The Bachelor of Arts
- First edition
- Author: R. K. Narayan
- Language: English
- Genre: Novel
- Publisher: Nelson
- Publication date: 1937
- Publication place: India
- Media type: Print
- ISBN: 0-09-928224-0 (2000 ed.)
- OCLC: 6305101
- Dewey Decimal: 823
- LC Class: PR9499.3.N3 B3 1980
- Preceded by: Swami and Friends
- Followed by: The English Teacher

= The Bachelor of Arts =

Novel

The Bachelor of Arts (1937) is a novel written by R. K. Narayan. It is the second book of a trilogy that begins with Swami and Friends and ends with The English Teacher. It is again set in Malgudi, the fictional town Narayan invented for his novels.

== Plot summary ==

The story follows the coming-of-age of Chandran, a young upper-middle class college graduate into adulthood. Chandran falls in love with Malathi, who he desires to marry. Their relationship is rejected by her parents as Chandran's horoscope describes him as having a Mangala Dosha – a superstition in which a marriage to a non-Manglik, Malathi, would lead to her early death. Malathi is then married to someone else.

Heartbroken, Chandran goes to Madras and lives on the streets. Disillusioned, Chandran embraces a nomadic life, becoming a Sanyasi and renouncing his life of worldly pursuits.

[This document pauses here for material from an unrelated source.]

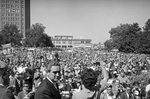 Burnett Park was crawling with Democratic officials as Senators John F. Kennedy and Lyndon B. Johnson brought their campaign to Fort Worth. John Connally is seen in the foreground. Johnson and Kennedy were on a political campaign through Texas with stops in Fort Worth, Arlington, Grand Prairie, and Dallas.

Along his journey, Chandran is misunderstood as a great sage by the villagers he meets. After eight months, Chandran rouses to his senses, remembering his parents. He returns home, finding employment as a newsagent.

Despite his return home, Chandran still obsesses over Malathi. His father comes to him with a proposal of marriage to another girl, Sushila. Chandran is initially skeptical about finding love again, but later decides to meet her. Chandran falls in love with Sushila at first sight.